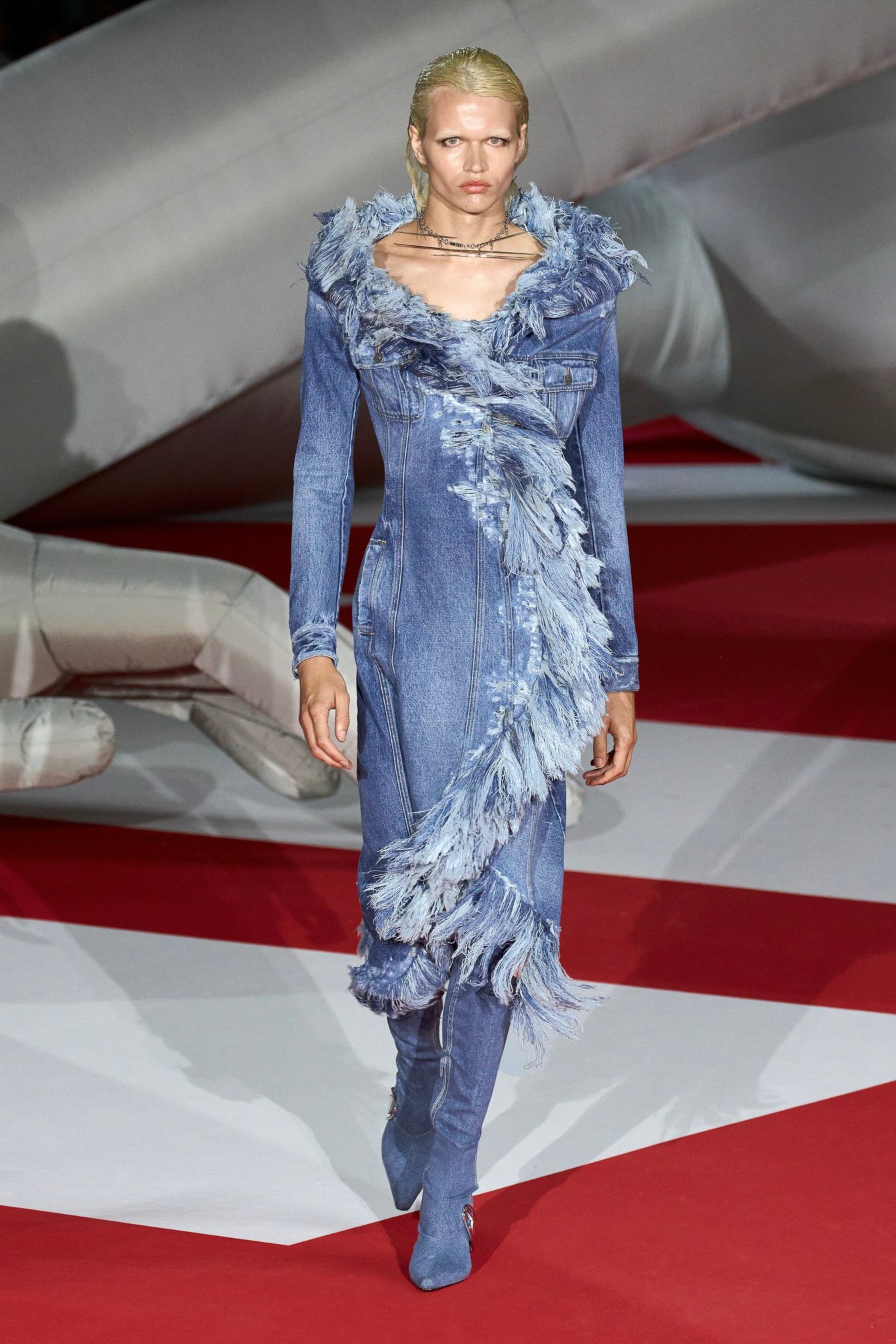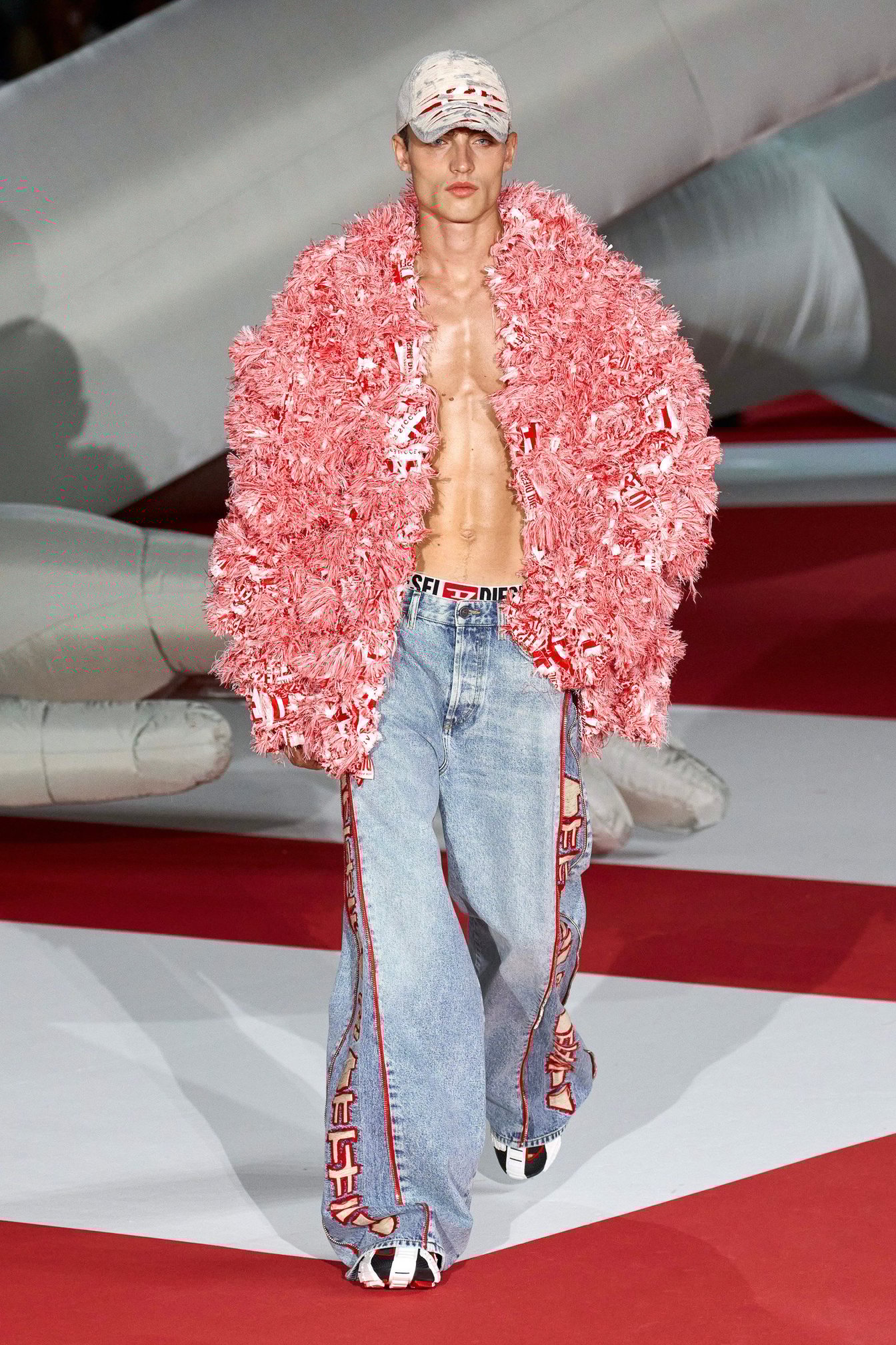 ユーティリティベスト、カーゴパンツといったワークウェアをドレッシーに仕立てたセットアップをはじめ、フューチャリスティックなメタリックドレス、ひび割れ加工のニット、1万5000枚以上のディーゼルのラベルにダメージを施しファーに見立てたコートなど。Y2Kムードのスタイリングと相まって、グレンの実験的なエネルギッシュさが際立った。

==

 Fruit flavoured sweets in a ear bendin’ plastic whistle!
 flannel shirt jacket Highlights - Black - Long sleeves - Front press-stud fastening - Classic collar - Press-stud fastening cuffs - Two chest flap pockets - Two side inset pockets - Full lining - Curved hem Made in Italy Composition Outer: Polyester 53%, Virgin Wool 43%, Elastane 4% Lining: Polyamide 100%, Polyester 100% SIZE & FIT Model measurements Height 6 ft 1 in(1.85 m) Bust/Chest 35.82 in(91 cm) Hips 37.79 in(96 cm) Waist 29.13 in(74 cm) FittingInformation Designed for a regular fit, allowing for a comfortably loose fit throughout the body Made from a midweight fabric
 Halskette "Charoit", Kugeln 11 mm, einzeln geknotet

--

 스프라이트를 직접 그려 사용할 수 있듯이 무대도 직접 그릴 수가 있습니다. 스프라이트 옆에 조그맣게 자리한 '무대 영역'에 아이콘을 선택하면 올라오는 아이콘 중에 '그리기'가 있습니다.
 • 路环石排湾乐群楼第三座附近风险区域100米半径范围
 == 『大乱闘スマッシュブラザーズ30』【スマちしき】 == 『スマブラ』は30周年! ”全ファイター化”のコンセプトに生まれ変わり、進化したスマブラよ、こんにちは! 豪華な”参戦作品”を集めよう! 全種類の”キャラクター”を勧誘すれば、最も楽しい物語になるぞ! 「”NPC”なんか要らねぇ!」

__What to work on__: Using only the listing above, restate exactly the lines from the line containing "flannel shirt jacket" through the line containing "mm, einzeln geknotet", both included.

__Answer space__:
 flannel shirt jacket Highlights - Black - Long sleeves - Front press-stud fastening - Classic collar - Press-stud fastening cuffs - Two chest flap pockets - Two side inset pockets - Full lining - Curved hem Made in Italy Composition Outer: Polyester 53%, Virgin Wool 43%, Elastane 4% Lining: Polyamide 100%, Polyester 100% SIZE & FIT Model measurements Height 6 ft 1 in(1.85 m) Bust/Chest 35.82 in(91 cm) Hips 37.79 in(96 cm) Waist 29.13 in(74 cm) FittingInformation Designed for a regular fit, allowing for a comfortably loose fit throughout the body Made from a midweight fabric
 Halskette "Charoit", Kugeln 11 mm, einzeln geknotet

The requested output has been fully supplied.